В ту ночь мы уличили Ардалиона Чедиа во лжи.

– А, впрочем, да, – сказал Ардалион, переходя на шепот.

– За десять дней до сильного ливня муравьи, оказывается, всползают на деревья и, спустившись обратно на землю, собираются все воедино, независимо от семей, и держат совет, по окончании которого весь муравьиный народ выстраивается в колонны. Первыми впереди всех, идут воины, за ними рабочие, ну а дальше остальные, кто их там всех знает... Кончается дело тем, что они располагаются в таких местах, которых наводнение не достигает...

– Ну ты скажи, подумать только! – шепотом же выразил удивление Малхаз.

– Да-да, так и есть... Оказывается, люди, которые, бывает, идут следом за муравьями, тоже остаются в выигрыше.

– Поди ж ты! – втихомолку выразил свои чувства Малхаз.

– Просто поразительно.

– Все это хорошо, – громко заговорил Пармен, но, сам испугавшись звука своего голоса, снова перешел на шепот: – Но откуда они знают... за десять дней, где будет дождь и где не будет дождя...

– Так то-то и оно!

– Вы возьметесь это объяснить, Ардалион? – спросил Бучута.

– Ни-ни-ни... Я-то мог бы сказать, что это инстинкт, но что это будет за объяснение...

– А теперь расскажите о воронах.

– Ух! Это, наверно, совсем обалдеть можно.
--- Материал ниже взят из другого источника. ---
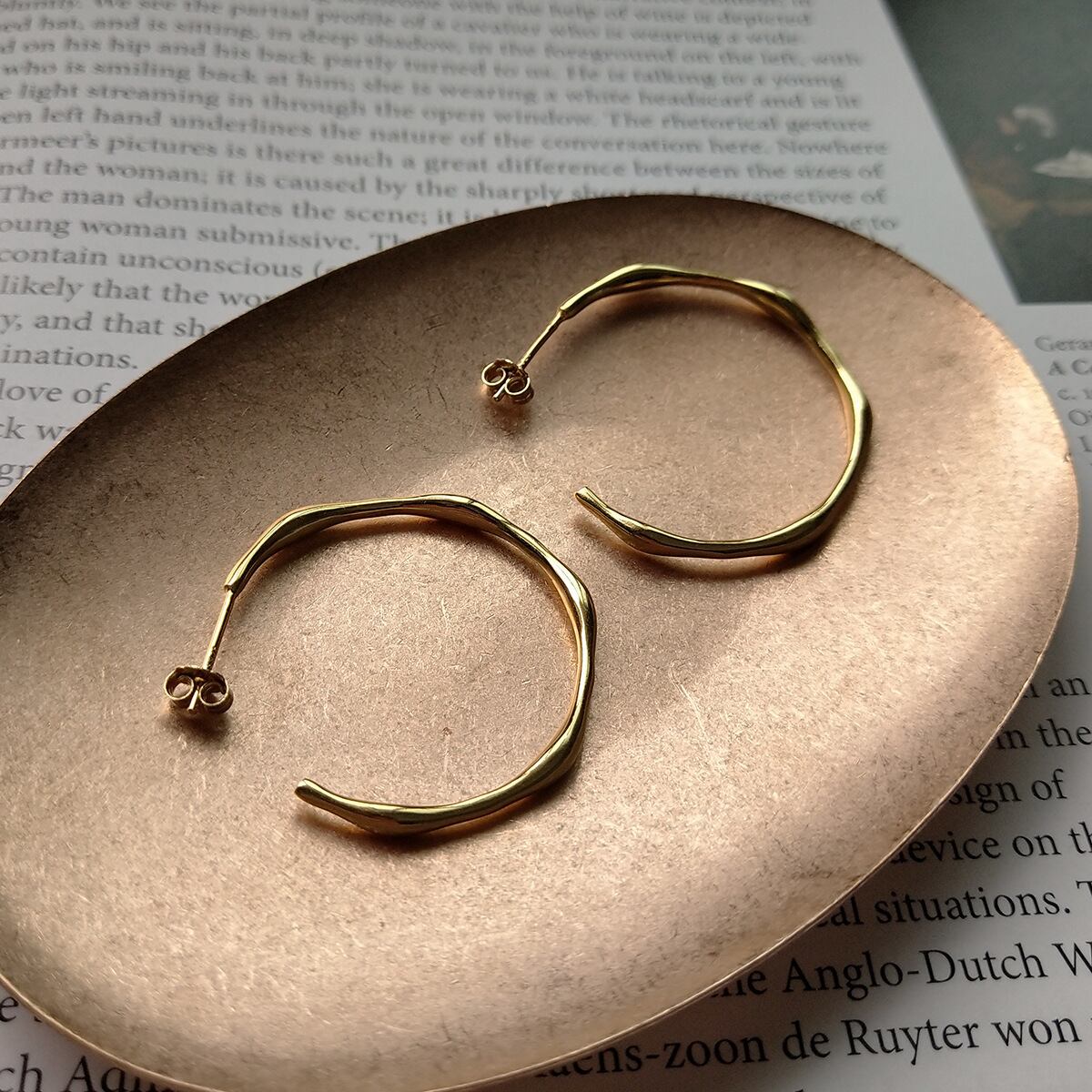 ピアス素材:Silver925(Silve925素材に18Kメッキが施されています) カラー:ゴールド 少し大きめのゴールドのフープが顔周りをすっきり明るく見せてくれるピアスです! 艶やかでさりげなく動きのあるデザインが大人カジュアルな雰囲気にもぴったりで、普段のコーディネートに取り入れていただけます◎
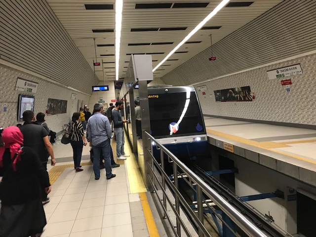 タクシム広場からドルマバフチェ宮殿があるカバタシュ駅までこのフニキュレル (地下ケーブル)を利用しました。タクシム広場からだと、海へ向かって坂を下って行く形になります。1駅だけで5分も乗らずにカバタシュ駅に到着しましたが、坂道を歩くと大変なんでしょうね。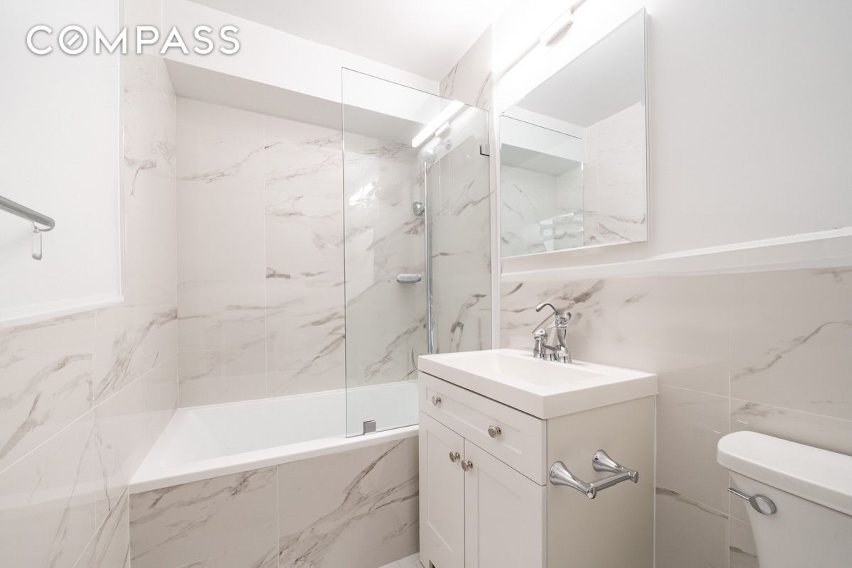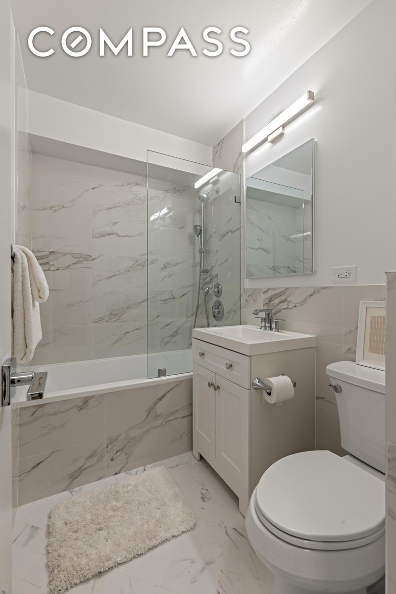 The primary suite boasts eastern exposures and an oversized room that can accommodate for fitting a king-sized bed, two end tables, seating, a desk, and more. also with east exposure Your luxurious en-suite bathroom features all new pipes, valves, stone, and fixtures with spa like features along with a half glass shower/tub door with spa like features. Brand new throughout.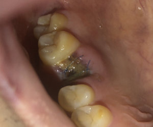 После удаления зуба через день температура 37.4, стреляло за ухом, десна воспалилась. На приеме врач сказал, что потеряла сгусток, перечистил. Вечером того же дня его опять нет. Прием пищи в обоих случаях через 6-7 часов. Сейчас на дне лунки белый налет. Не особо беспокоит, пока не попадает туда еда.

– Расскажи, расскажи нам...

– А тут вот что, Титико. Если ворона, по их вороньим понятиям, в чем-то провинится, то представители всех стай собираются вместе и, решив дело, как там у них положено, – нам-то их языка не понять, – присуждают виновницу либо к смерти, либо к изгнанию.

– Да что ты... Почему же не решить все у себя в стае, по-домашнему, что, они сами не могут справиться... Зачем же признаваться кому-то в своих грехах и ошибках и выносить сор из избы. Признаешься так раз-другой, и готово дело – навек запятнал свое имя...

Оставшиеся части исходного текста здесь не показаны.